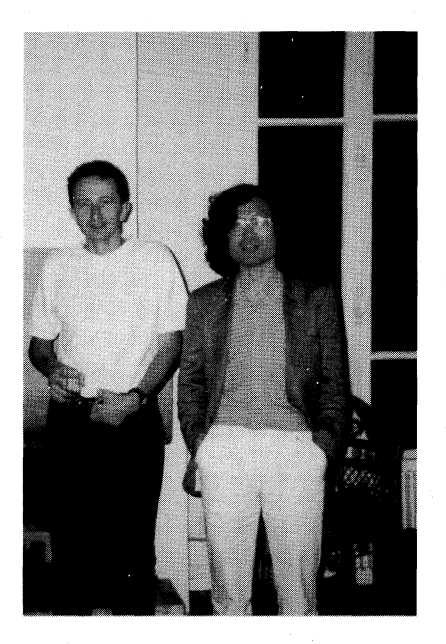
Fig. 3. Masaki Kashiwara and myself around 1980

Moreover, constructible sheaves on a real manifold are sheaves whose microsupport is subanalytic and Lagrangian. This allowed Kashiwara to adapt to the real case the notion of characteristic cycle of a \mathcal{D} -module and to define the Lagrangian cycle of an \mathbb{R} -constructible sheaf. The group of Lagrangian cycles is isomorphic to the Grothendieck group of the abelian category of \mathbb{R} -constructible sheaves and is also isomorphic to the group of constructible functions. Lagrangian cycles play a basic role in many questions and have been recently extended to higher K-theory by Beilinson [2].
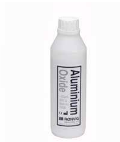
900g Aluminium Oxide 50 µm. Art. No. 1906
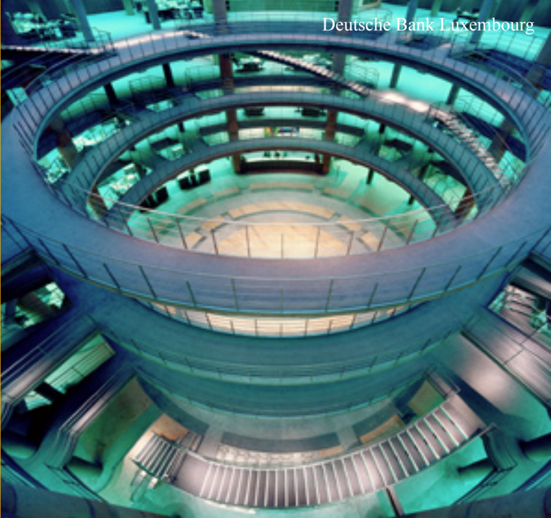
Deutsche Bank Luxembourg
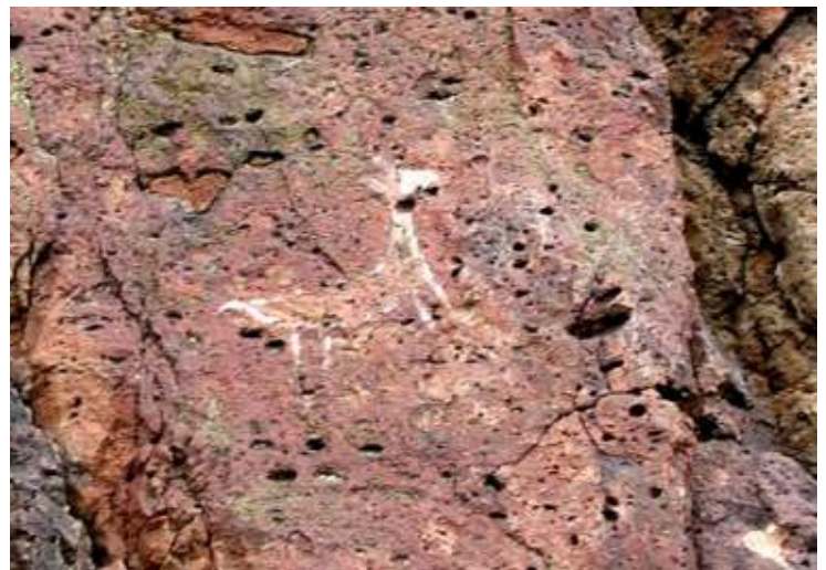
A pictograph of a horse at the old Indian "meeting place" near Council Rock, dating it after 1540 – when the Spanish brought the first horses into New Mexico.
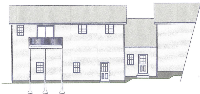
Rear Elevation 1/8" = 1'-0"
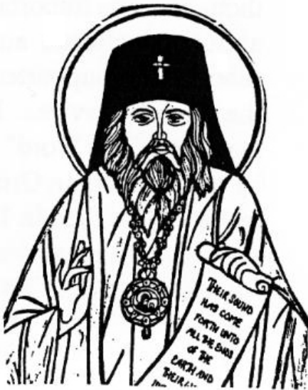
St. John of San Francisco
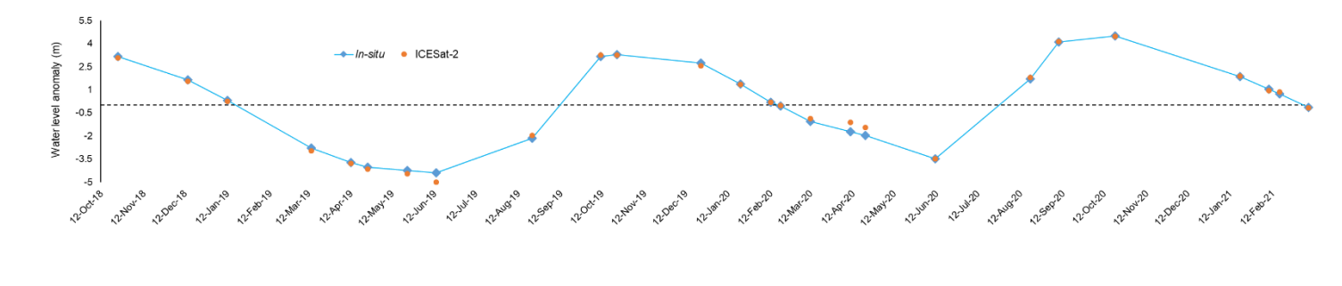
Figure 2 Water level anomaly time series
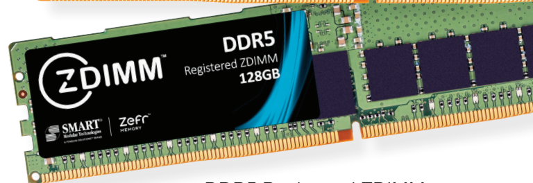
DDR5 Registered ZDIMM
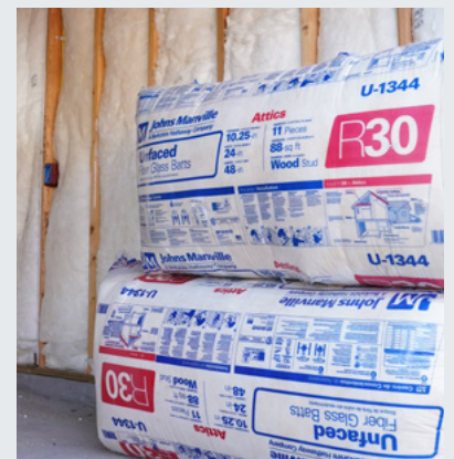
JM Unfaced Fiberglass Batts and Rolls

┄┄┄┄┄┄

**WHAT YOU ARE ASKED TO DO:** Restate the entries verbatim, without pictures.

**EXERCISE RESULT:**
Fig. 3. Masaki Kashiwara and myself around 1980

Moreover, constructible sheaves on a real manifold are sheaves whose microsupport is subanalytic and Lagrangian. This allowed Kashiwara to adapt to the real case the notion of characteristic cycle of a \mathcal{D} -module and to define the Lagrangian cycle of an \mathbb{R} -constructible sheaf. The group of Lagrangian cycles is isomorphic to the Grothendieck group of the abelian category of \mathbb{R} -constructible sheaves and is also isomorphic to the group of constructible functions. Lagrangian cycles play a basic role in many questions and have been recently extended to higher K-theory by Beilinson [2].
900g Aluminium Oxide 50 µm. Art. No. 1906
Deutsche Bank Luxembourg
A pictograph of a horse at the old Indian "meeting place" near Council Rock, dating it after 1540 – when the Spanish brought the first horses into New Mexico.
Rear Elevation 1/8" = 1'-0"
St. John of San Francisco
Figure 2 Water level anomaly time series
DDR5 Registered ZDIMM
JM Unfaced Fiberglass Batts and Rolls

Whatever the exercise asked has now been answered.